Wed Aug 07, 2013 10:26 am
Hey guys! I've been lurking around here for a while, and let me say this site is an absolute treasure trove of information for a new cub owner like myself.
Anyways, I can't seem to pin down the source of my current troubles, so I thought i'd ask for opinions.
My 1955 cub idles fine at low to medium rpms, and it'll even run smooth at high speed if I open the throttle very gently. If I crack it open fast or if my mower runs into some thick grass, it'll start surging up and down. I know this is either lack of fuel or a problem with the governor, but how do i tell for sure which it is? and if it's the governor, is there any external fiddling i can do before taking the thing apart? I've got a lot of mowing to do...
Wed Aug 07, 2013 10:59 am
On the very front of the governor is a jam nut and bolt. loosen the nut and turn the bolt in about a half round or so. that moves a spring in toward the governor to limit the surges. It may need a little more than a half turn, but only do it a little at a time. If it is turned into far it will restrict the governors ability to respond to loads. the full instructions are in the IH service manual.
Wed Aug 07, 2013 11:15 am
If this is a relatively new problem, check fuel flow through the carburetor and check for partial obstruction in main jet.
Old problem, check linkage adjustment between the carburetor and governor arm.
Wed Aug 07, 2013 11:21 am
Follow Eugene's suggestions before doing anything with the surge limiter I suggested. I should have mentioned that, especially with you mentioning that you are a new cub owner. I tend to look at a problem and think someone working on it has gone over the other things that can cause it, and not think about the fact that someone new does not know the other problems to check. the rod connecting from the governor to the carb binding from paint or dragging on the block where it passes the front ear is a frequent problem on a new purchase.
Wed Aug 07, 2013 3:26 pm
Thanks guys! I'm not certain that it's not the carb, but When i advance the throttle manually (post governor) it runs smooth, so that's why I'm thinking it's the governor. I did however have some concerns about the carb because the idle screw doesn't seem to do anything at all.. I can unscrew it all the way out or screw it all the way in and it doesn't make a difference. Oh, and it's the IH carb btw. I also noticed that the fuel flow was getting pinched off when the strainer bowl was screwed on tight, so I put a new gasket on it but i'm not sure if it solved the problem or not. it still wants to leak unless i tighten the dickens out of it.

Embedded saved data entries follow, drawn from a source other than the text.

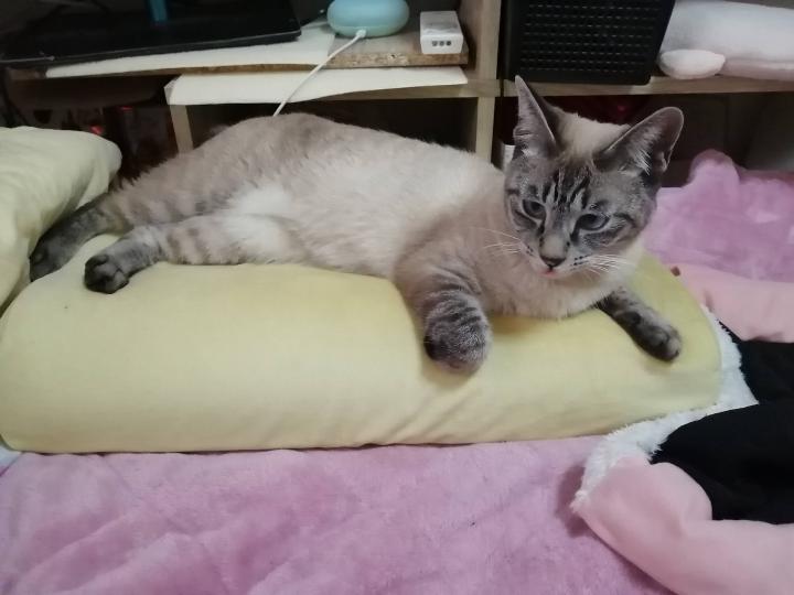 怪しい動きをしていたと思ったら、あたたかブランケットの上にたっぷり・・・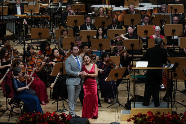 Soprano Kathleen Kim and baritone Andrzej Filonczyk perform with the orchestra during the New York Philharmonic's annual Lunar New Year concert at Wu Tsai Theater in David Geffen Hall on Wednesday. [Photo by Bilin Lin/China Daily]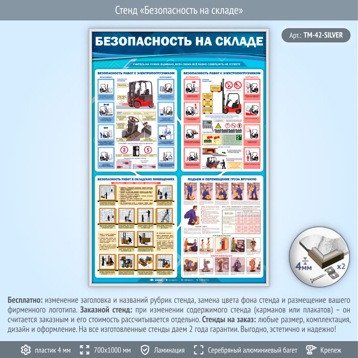 Стенд «Безопасность на складе» (TM-42-SILVER) в Нижнекамске купить
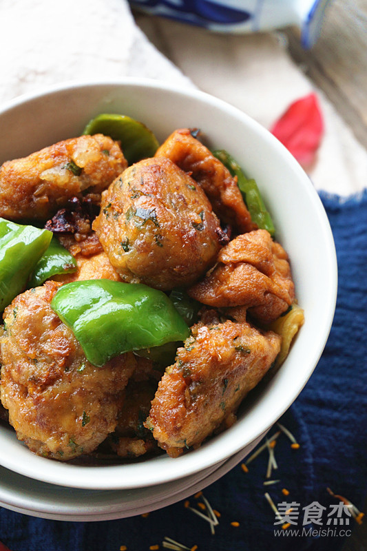 燜煮至湯汁收干,最后放上青椒炒至青椒斷生即可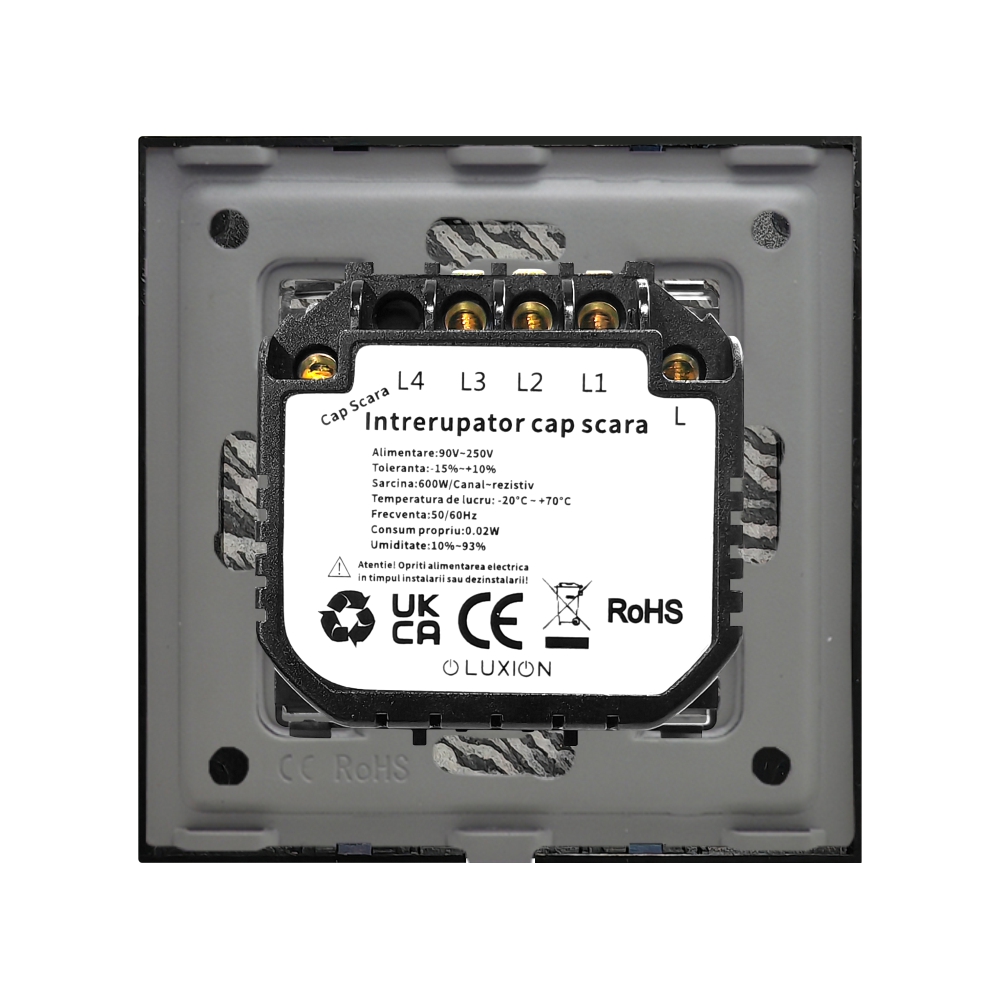 Intrerupator triplu cap scara / cruce cu touch din marmura LUXION, compatibil doar cu modulele LUXION. Se remarca prin design premium, elegant si minimalist. Acest model, realizat din marmura naturala, aduce un plus de rafinament si exclusivitate, fiind ideal pentru interioare moderne, spatii rezidentiale de lux, hoteluri sau birouri premium. Fabricat din materiale de calitate, rezistent si practic, ofera utilitate si confort, completand perfect un decor sofisticat.

I guess i'll try the governor screw and if it doesn't solve the problem I'll rebuild the carb (that's on my to-do list anyways!).
Wed Aug 07, 2013 4:05 pm
Hey Neighbor! Wow, you're about the closest I've seen so far. I'm in Grand Island, but my cub came from Oakfield, where it spent it's life on a small farm across from my hunting camp. I own some property out there on Fisher Road, maybe 10-minutes from you.
Sounds like the guys have got you covered for the governor surging. Before trying to adjust the governor, I'd double check the fuel flow to the carb, and also double check that the linkage to the governor is not rubbing somewhere. It's really common to see it rubbing on the block between the governor arm and the carburetor. I've seen many this way. Also check the inlet to the carb where the second filter is. Those are real bad about plugging up.
Welcome to the forum.
Wed Aug 07, 2013 5:33 pm
Eoghan wrote:the idle screw doesn't seem to do anything at all.

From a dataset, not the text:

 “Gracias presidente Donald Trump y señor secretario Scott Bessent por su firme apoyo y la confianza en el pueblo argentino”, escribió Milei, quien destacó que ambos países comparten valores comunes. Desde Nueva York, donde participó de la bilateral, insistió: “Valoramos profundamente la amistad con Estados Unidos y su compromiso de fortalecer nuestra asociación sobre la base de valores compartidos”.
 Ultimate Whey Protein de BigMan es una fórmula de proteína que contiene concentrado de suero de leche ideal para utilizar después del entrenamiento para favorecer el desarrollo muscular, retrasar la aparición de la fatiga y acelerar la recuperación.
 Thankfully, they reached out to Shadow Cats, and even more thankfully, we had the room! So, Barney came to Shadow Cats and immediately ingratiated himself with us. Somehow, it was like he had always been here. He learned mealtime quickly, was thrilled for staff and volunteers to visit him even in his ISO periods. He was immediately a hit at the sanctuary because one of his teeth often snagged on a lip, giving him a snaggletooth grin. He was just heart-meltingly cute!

The idle screw only adjusts the air flow through the idle circuit. You should notice a change in rpms and/or idling performance at low engine idle when adjusting the screw.
Carburetor and fuel system, first check.
Wed Aug 07, 2013 7:24 pm
Sounds like lean high speed mixture to me.
Wed Aug 07, 2013 9:32 pm
alright, i'm going to pull the carb off tomorrow, give it a good cleaning and double check that the fuel flow from the tank is strong. I didn't realize there was a second filter at the carb! that's the first thing i'll check. there was a lot of gunk in the fuel strainer when i cleaned it, so i'm sure there's gunk in the carb too.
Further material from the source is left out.